Because so many investors have capital readily available, they are not only making decisions quicker but also investing in more opportunities. In the Private Equity world, dry powder is near its high mark. Since it’s incredibly expensive to market a brand-new product, investors find products already generating revenue highly appetizing. Big retailers are using funds they once spent on retail expansion on investments in promising early stage products. Corporations that recently launched venture capital funds, accelerators or startup incubators include General Mills, Barilla, Campbell’s, Kellogg and Chobani.

In January of this year, General Mills’ venture arm, 301 INC, led an investment of $17 million in Urban Remedy, an organic food company that delivers ready-to-eat meals, juices, cleanses and snacks in a series B round. In November of 2016, Pepsi purchased kombucha innovator KeVita for a sum believed to be in the range of $200 million-$300 million. Around the same time, Dr Pepper Snapple poured in $1.7B to acquire antioxidant drink maker Bai Brands.

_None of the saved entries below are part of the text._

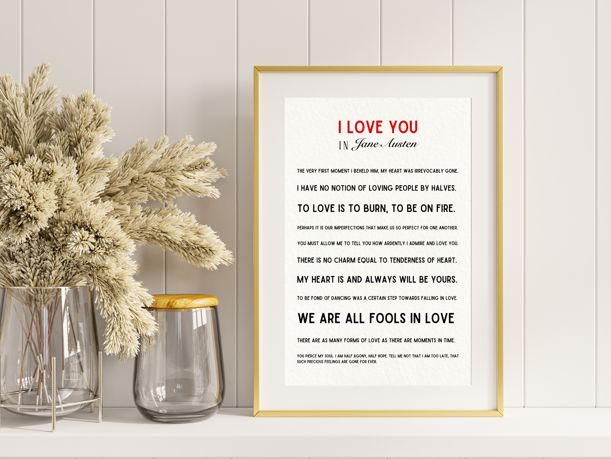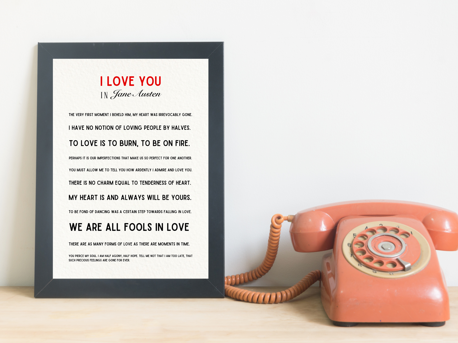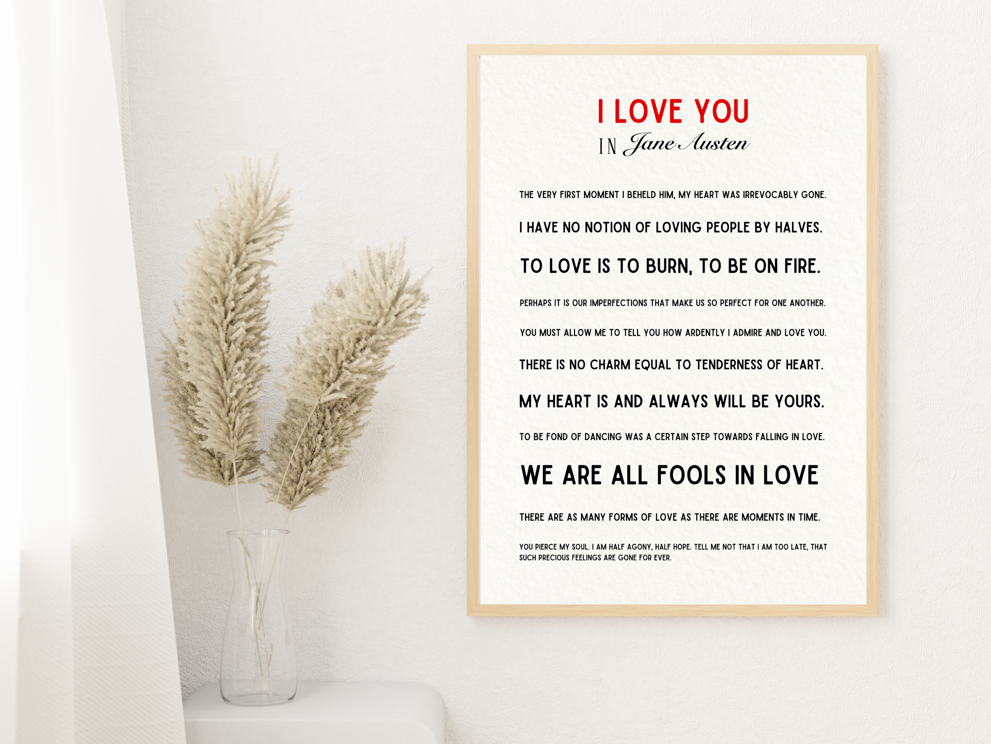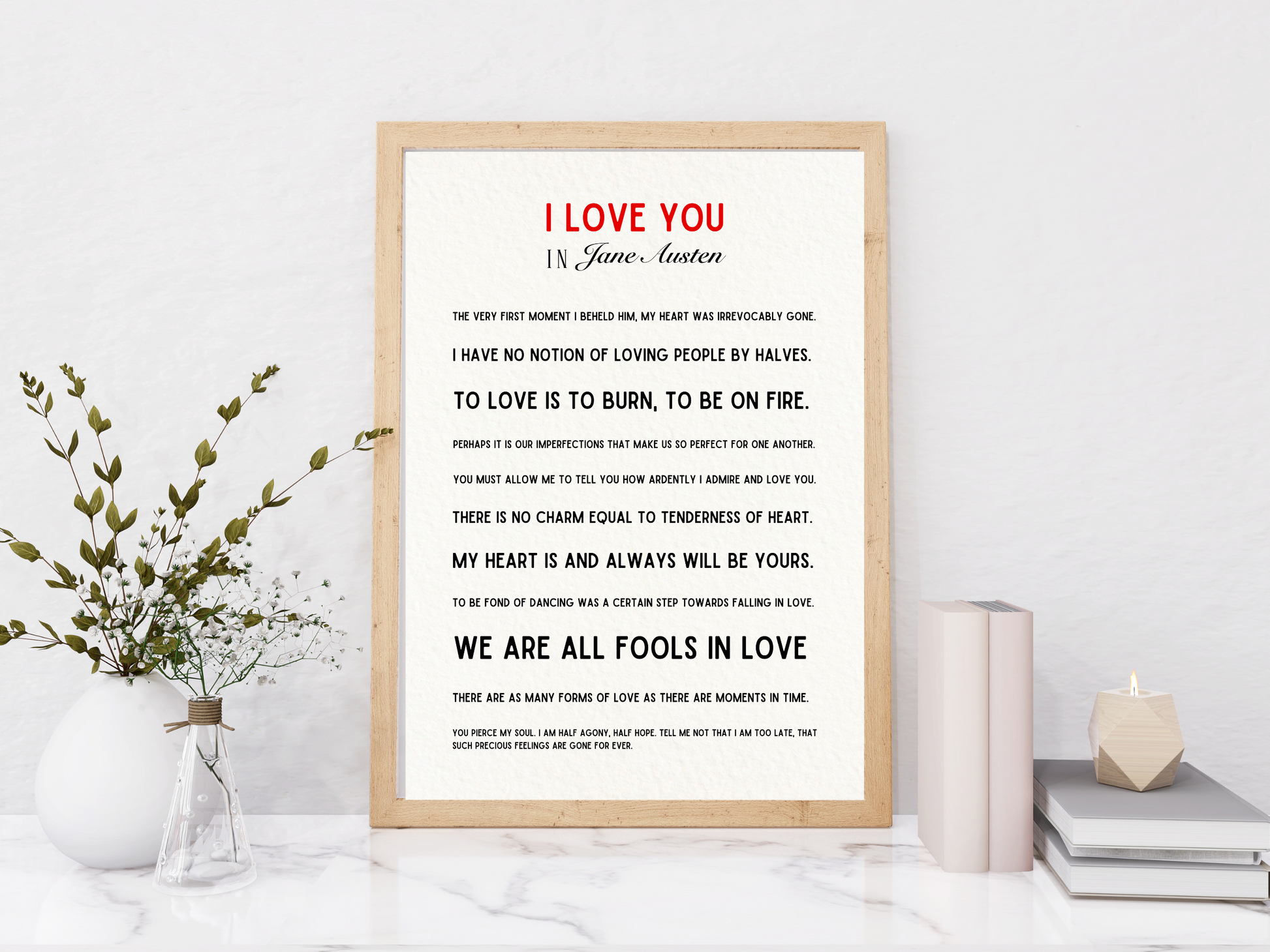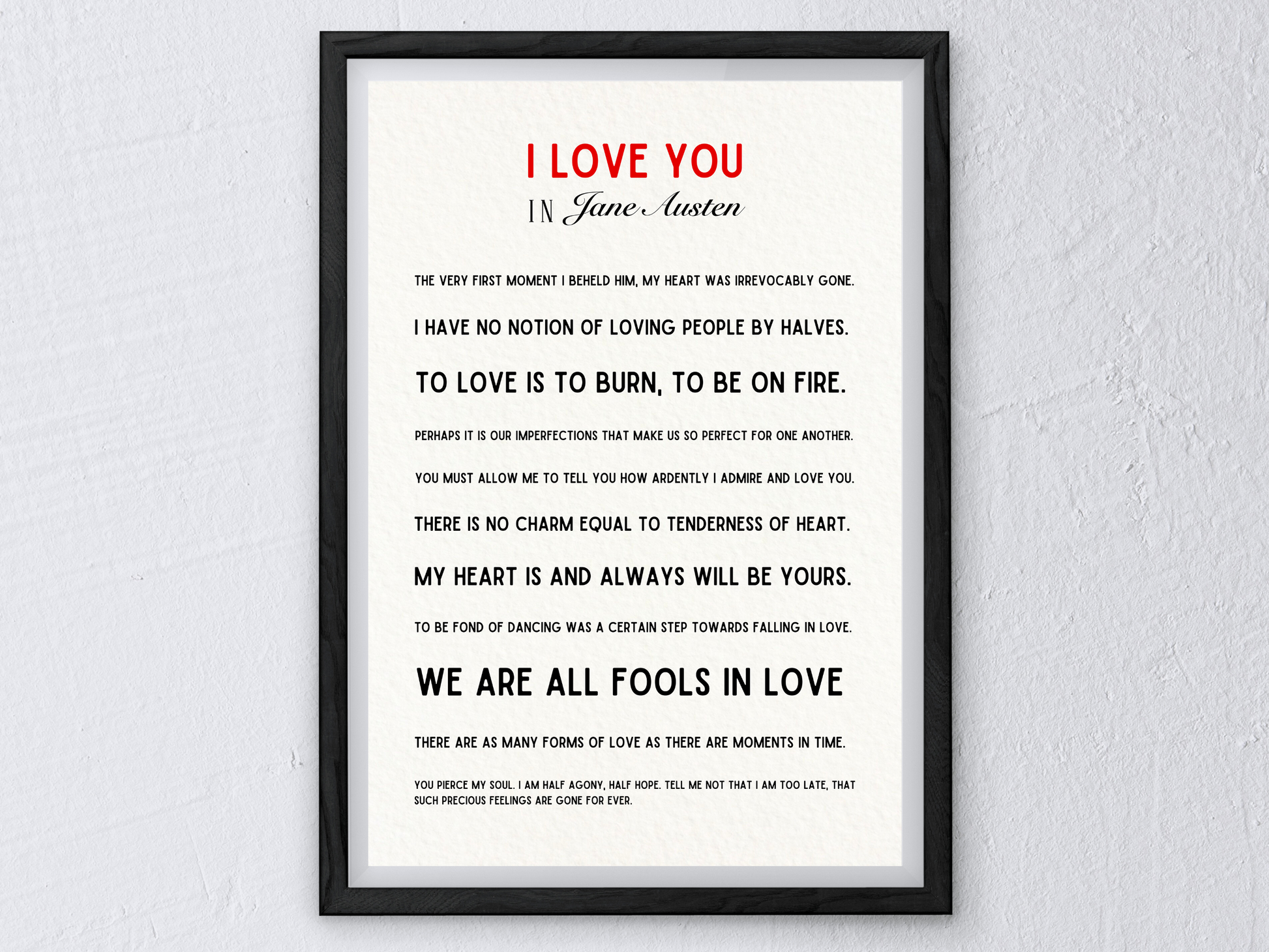 A selection of love quotes from Jane Austen from her most famous works including Pride and Prejudice, Northanger Abbey and Persuasion. With a minimalist and contemporary feel, this beautiful print can go in any room in the house. It also makes a perfect wedding or anniversary gift for a Jane Austen fan.
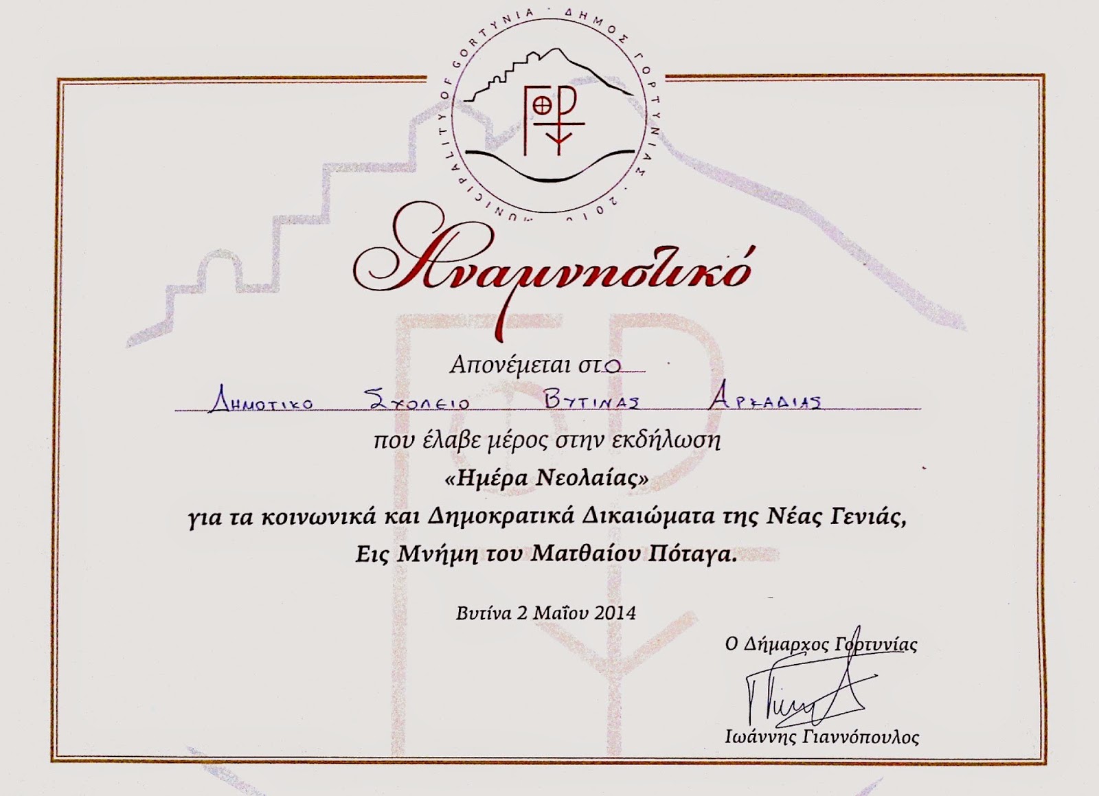 Ημέρα Νεολαίας εις μνήμην Ματθαίου Πόταγα Primary School of Vytina 4 Μαΐου 2014 Χωρίς κατηγορία Δεν επιτρέπεται σχολιασμός στο Ημέρα Νεολαίας εις μνήμην Ματθαίου Πόταγα
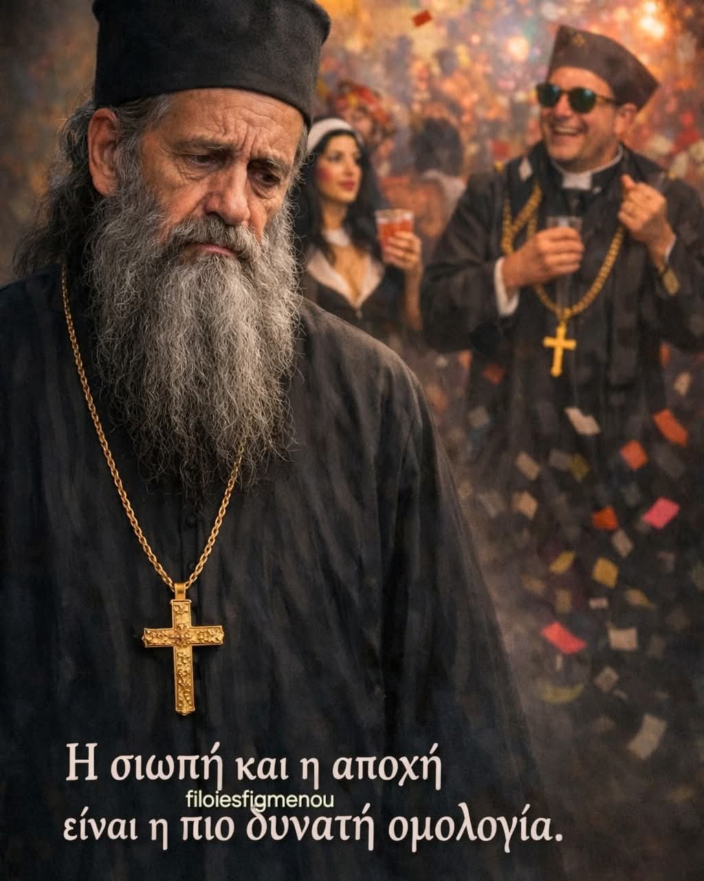 Όταν λοιπόν η διασκέδαση των πολλών γίνεται θλίψη της συνείδησης, τότε η σιωπή γίνεται προσευχή και η αποχή γίνεται ομολογία. Διότι η μεγαλύτερη μαρτυρία δεν είναι τα λόγια, αλλά η στάση της καρδιάς. Ο άνθρωπος που αρνείται να συμμετάσχει σε ό,τι πληγώνει την πίστη του, γίνεται μάρτυρας της αλήθειας, ακόμη και χωρίς να μιλήσει.
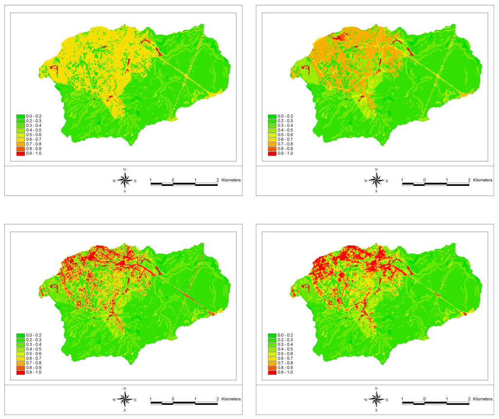 Runoff coefficient maps for scenario 1 (upper left), scenario 2 (upper right) and scenario 3 (lower left), based on Ikonos-derived land-cover data, and for scenario 3 (lower right), based on Landsat ETM+-derived land-cover data.
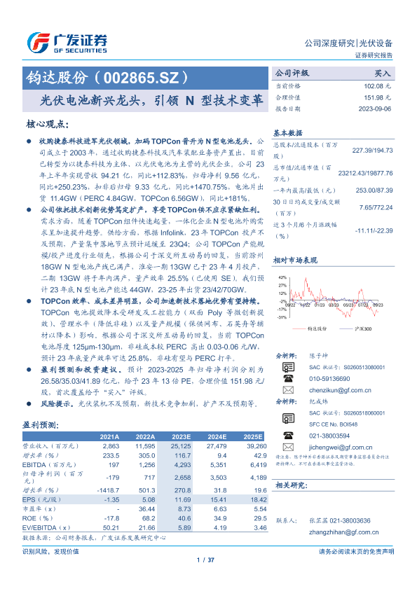 【广发证券】【20230906】钧达股份(002865.SZ)光伏电池新兴龙头,引领N型技术变革-37页
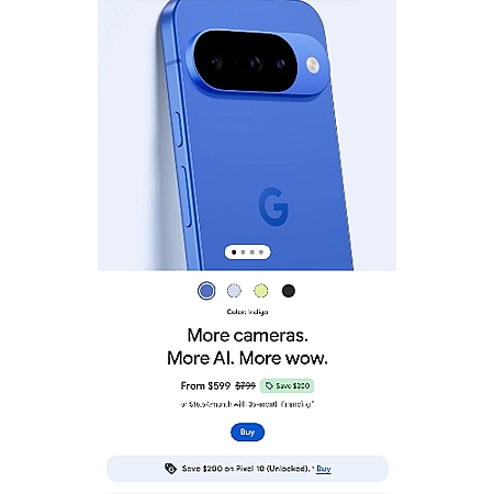 Pricing and Financing: The base price starts From $599 (originally $799). Financing is available for **$16.64/month** with a 36-month plan, before any trade-in.
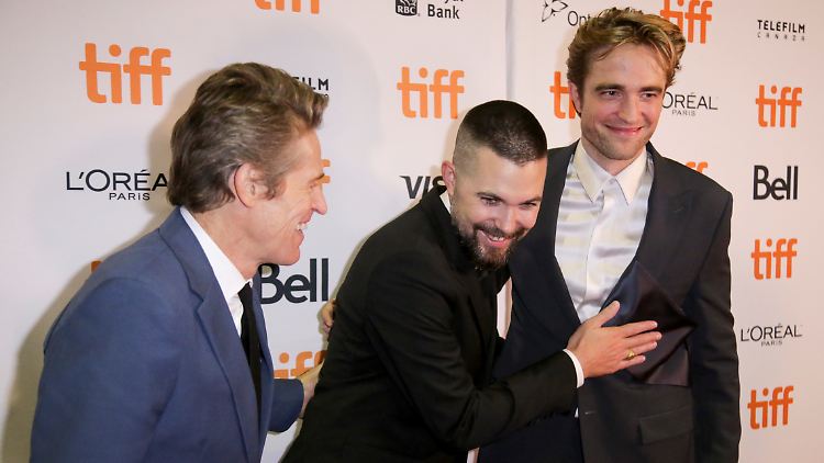 Regisseur Robert Eggers (M.) mit Dafoe und Pattinson bei der Filmpremiere in Kanada.

While a far smaller part of the M&A picture, established closely held businesses are also seeing transitions. As they begin to transition to next-generation leadership, some family businesses find they do not have a natural heir or leader. Those companies are more aggressively considering sales to competitors or an outside investor who will take the helm, with founders maintaining an interest, or workers entering an employee stock option plan.

Just a few years ago, investors may have looked skeptically at a baby food startup, or viewed it as boring. Today, they may be intrigued by new variations -- organic, all natural, sealed pouches instead of jars, no processed ingredients. Knowing parents will pay a premium for this type of product will make them more attractive for investment.

Smart investors today are patient and ready to invest, not just in manufacturing and hiring costs at the outset but to assist with developing traditional and non-traditional retail channels they know from other successes. They are prepared to see lower returns in the short term, provided they see a cohesive long-term plan for growth in the near future and an understanding of strengths, weaknesses, opportunities and threats in that sector. With decreasing regulation and potentially lower income taxes under the current administration, food M&A is likely to reach even greater heights in 2018.

Whether it’s organic baby food, probiotic drinks or plant-based protein, today’s smart food investors are thinking about tomorrow’s best bets, ready to reap rewards for thinking big.